Stage 2: Prototyping!

Through a few different rounds of prototyping with both “looks like” and “works like” prototypes to gain insights into what our users might be looking for both visually and feature-wise. While working on the physical side of things, our team was also doing a deeper dive into the market we may have (total addressable, service available, and service obtainable). Besides the physical realm of prototypes, our team created a clickable prototype to determine ease of navigation and certain features users may want in a streamlined spending app.

Stage 3: Pitch preparations

Before presenting to a group of stakeholders, our team wanted to make sure we focused more on the final form of both the physical prototype and the app features based on user feedback; the final designs were products of each stage of the interviews. To hone in on what we wanted our pitch video to be, we researched successful Kickstarter campaigns.

Starring Oscar-Nominated actress, me!

Starring Oscar-Nominated actress, me!

Our pitch video (featuring me as the star) highlighted a typical college student’s financial mindset before getting our product and after using it! Enjoy my acting skills!

Optimal grocery store redesign based on shoulder flexion

  • Fall 2023 - EDSGN 547 (Designing for Human Variability) - Dr. Matt Parkinson

  • Skills: R Studio Coding, Anthropometric Data, Technical Documentation & Reporting, Team Skills

  • OUTCOME: Design recommendation for shelf pushers in grocery stores in order to accommodate not only a range of statures, but a range of ages since older adults tend to have a more limited shoulder range of motion

The big ideas

*Josefina Bertoli, Ewertton de Souza Bezerra, Kerri M. Winters-Stone, Luis Alberto Gobbo & Ismael Forte Freitas$suffix/text()$suffix/text(). (2023) Mat Pilates improves lower and upper body strength and flexibility in breast cancer survivors undergoing hormone therapy: a randomized controlled trial (HAPiMat study). Disability and Rehabilitation 45:3, pages 494-503.
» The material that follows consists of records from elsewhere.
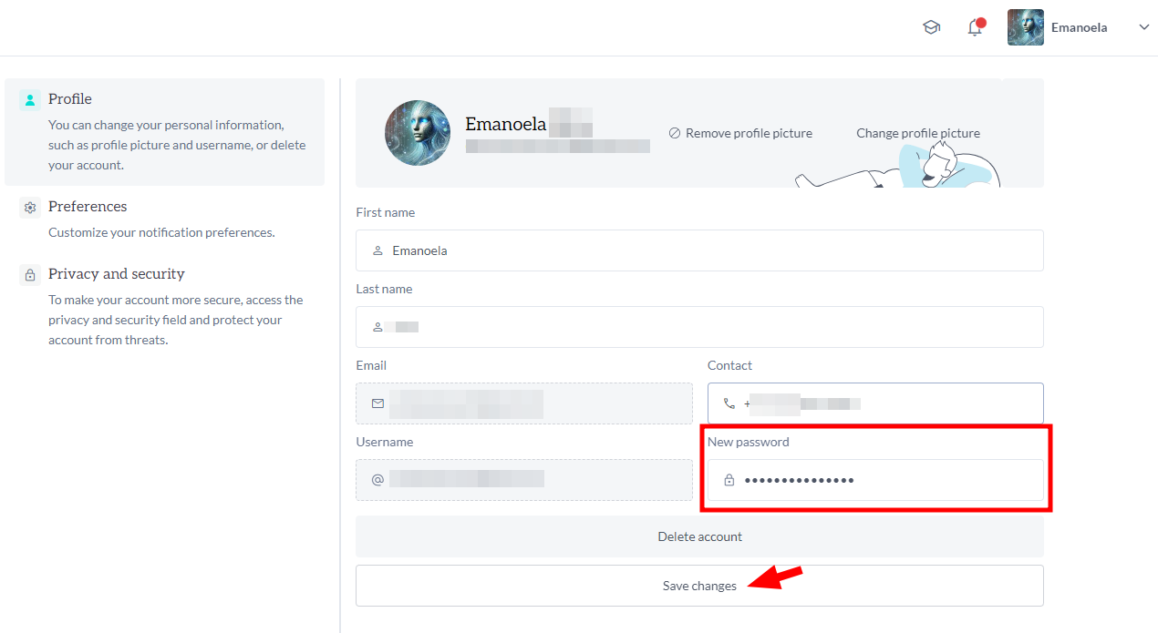 By clicking the icon on the left, select Profile. In this section, you can edit your first name, last name, and contact information, as well as change your password if necessary. You can also upload a profile picture. Enter your changes and click Save Changes, and the information will be updated.
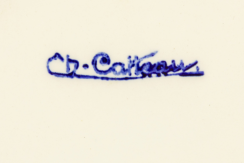 CATTEAU CHARLES (1880 – 1966) jubileumbord in ‘Keramis’ gemerkte faience – diameter : 29 cm getekend
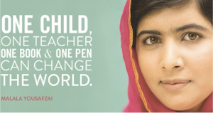 She began by searching for literary quotations from female writers and writers of color, such as 2014 Nobel Peace Prize recipient, Malala Yousafzai, the Pakistani girl shot in October 2009 by Taliban insurgents for championing women’s education (see Figure 1), and 1993 Nobel Peace Prize winner, Nelson Mandela, who spent nearly 30 years in prison for his efforts to end apartheid in South Africa. Slowly, more faces and quotes followed, including authors such as Oscar Wilde, Alison Bechdel, and Leslie Fineberg. However, Leia was aware that some of the students, especially incoming freshmen, might not recognize Wilde, Bechdel, or Fineberg as queer authors. Therefore, she began exploring the possibility of displaying rainbow-colored writing instruments, such as a quill (see Figure 2), stacks of books, and ink overflowing from an inkpot. As her intention was to attempt to make every writer feel welcomed, Leia also made certain to represent the white, hetero, cis-gendered population as well, including quotes from writers such as Stephen King and Tom Clancy. While Leia is happy to report positive reactions from both student writers and fellow consultants to the changes she has introduced, she realizes that the job of highlighting marginalized writers will continue to be a work-in-progress.
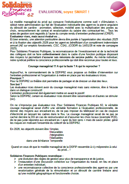 Solidaires Finances Publiques était là pour distribuer un tract rappelant l'importance de l'évaluation pour les promotions (par liste d'aptitude et tableau d'avancement), le recrutement au choix et la rémunération de certains cadres.
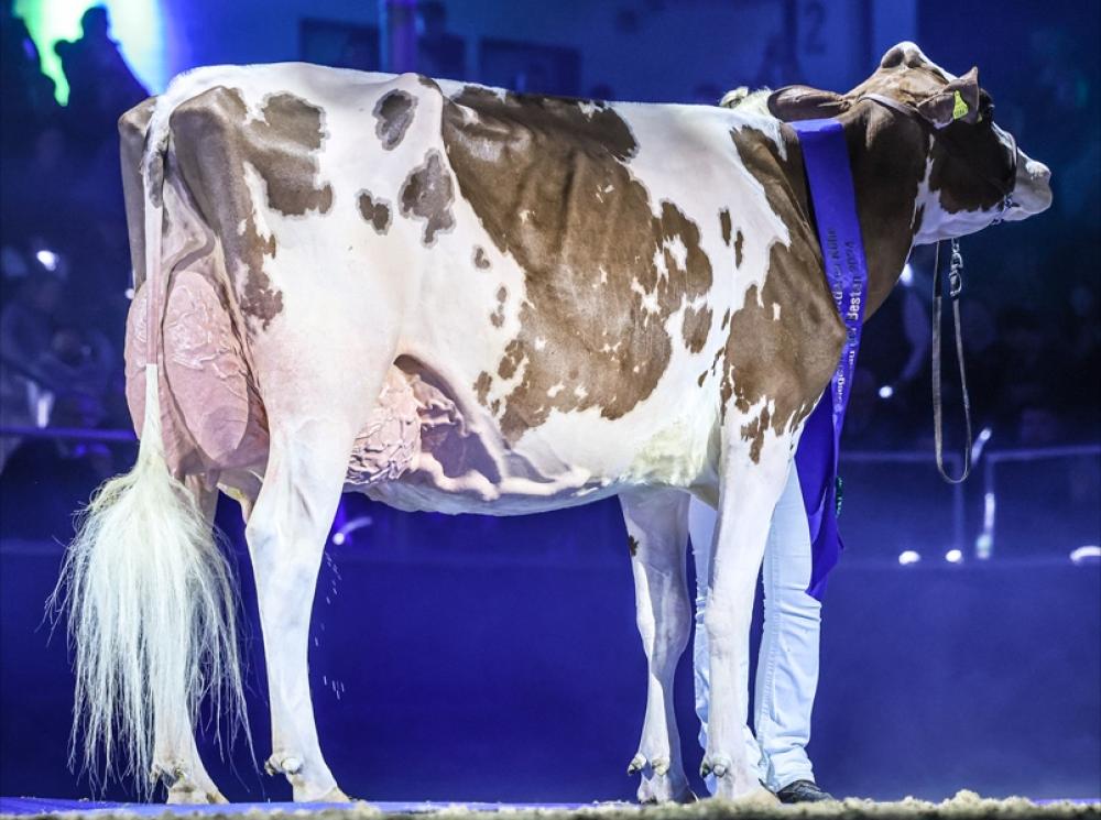 Roslie (v. MIRAND PP) wurde schließlich zur Gesamtsiegerkuh der Schau gewählt, Elena (CHIEF) zur Reservesiegerin.
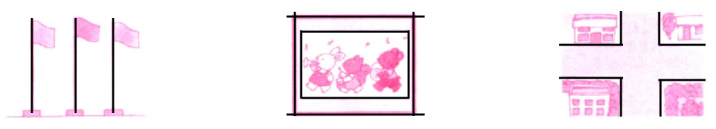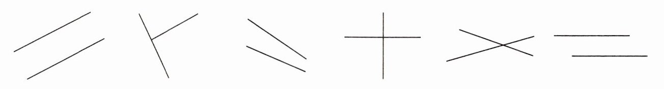 2. 互相平行的在下面画“√”,互相垂直的在下面画“○”,既不平行也不垂直的在下面画“×”。

Stage 1: Defining our problem

This graduate-level class had an open-ended final assignment. After a team discussion, we became intrigued by the area of common spaces in which people might not be accommodated. We thought of grocery stores; of course, grocery stores have a main goal of profiting, but it comes at the cost of disaccommodating older adults, who have difficulty reaching higher shelves due to limited shoulder flexion. With some trigonometry calculations and existing human anthropometric databases, our team ran a regression with residual analysis between an Australian shoulder flexion study and U.S. NHANES (National Health and Nutrition Examination Survey) to create a new variable on shoulder flexion.

Stage 2: The Data

We did a few things with our data, starting by going to different large-scale food sale stores to gather some key information (see right). From there, we did a lot, including regression with residual analysis, a disproportionate disaccommodation scan, and breaking up demographics (all using R Studio) to determine key results. Using our data, we found that vertical range of motion disaccommodates elderly shoppers 28.3% more than their younger counterparts. After this, we ran an optimization analysis using Excel Solver to determine maximum accommodation while considering cost for potential shelf pusher options.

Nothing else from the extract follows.